WORK TO COMPLETE:
Print the listing from its top line through the line containing "- 멀티스펙트럴 보행자", nothing more, and leave out the pictures.

*** PROVIDED DATA Section Begins ***

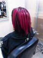アンブレラからインナーへ。ブリーチ2回で抜いていきます。途中で発覚した黒染めがかなり強く、抜け切ることが出来ませんでした。今回はレッド系だった為、助かりましたが、黒染めはベースによって一度では抜けない事もあります。
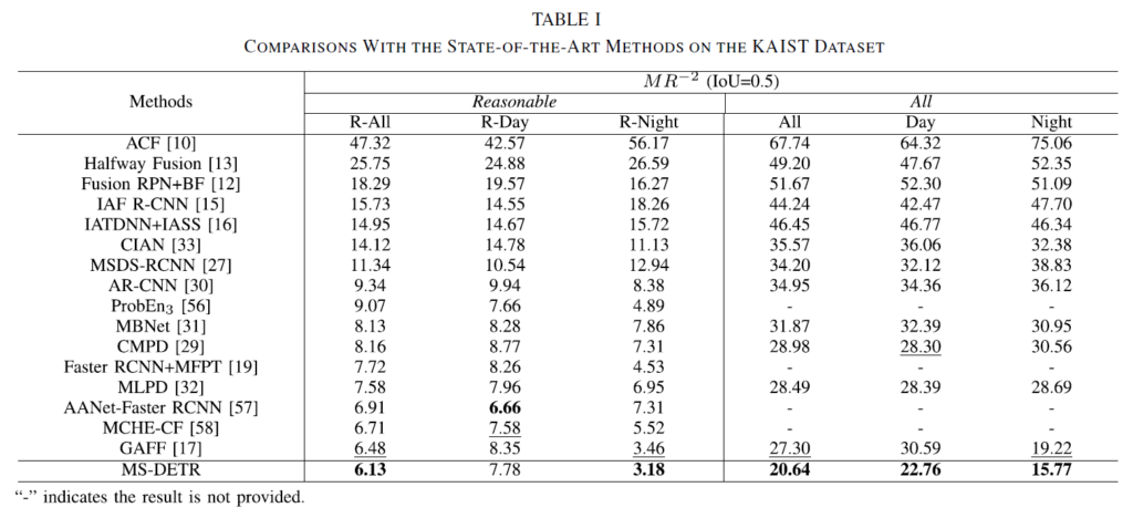 - 멀티스펙트럴 보행자 검출에서 널리 사용되는 KAIST, CVC-14, LLVIP 데이터셋을 활용하여 제안한 방법론의 효과에 대한 실험들을 수행하였다. 실험 결과 MS-DETR의 우수성을 입증하였다.
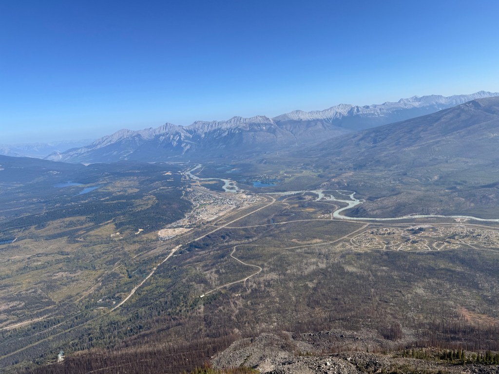 Jasper je obenem tudi železniško središče, kjer skozenj vsakih nekaj minut vozijo tovorni vlaki, menda dolgi celo do pet kilometrov. Kam se vsa ta roba prevaža, bo potrebno še raziskati. Kot rečeno, so Jasper lansko leto hudo opustošili gozdni požari in je pokrajina povsem spremenjena. Če je soditi po nepoškodovani okolici, je bil celoten park v zelenem gozdičku s posejanimi modrimi jezerci in vijugasto sivozeleno reko Athabascan. Dan je bil znova brez oblačka in kot nalašč za vzpon z žičnico na bližnji Whistlers Mountain.

*** PROVIDED DATA Section Ends ***

RESULT OF THIS TASK:
アンブレラからインナーへ。ブリーチ2回で抜いていきます。途中で発覚した黒染めがかなり強く、抜け切ることが出来ませんでした。今回はレッド系だった為、助かりましたが、黒染めはベースによって一度では抜けない事もあります。
 - 멀티스펙트럴 보행자 검출에서 널리 사용되는 KAIST, CVC-14, LLVIP 데이터셋을 활용하여 제안한 방법론의 효과에 대한 실험들을 수행하였다. 실험 결과 MS-DETR의 우수성을 입증하였다.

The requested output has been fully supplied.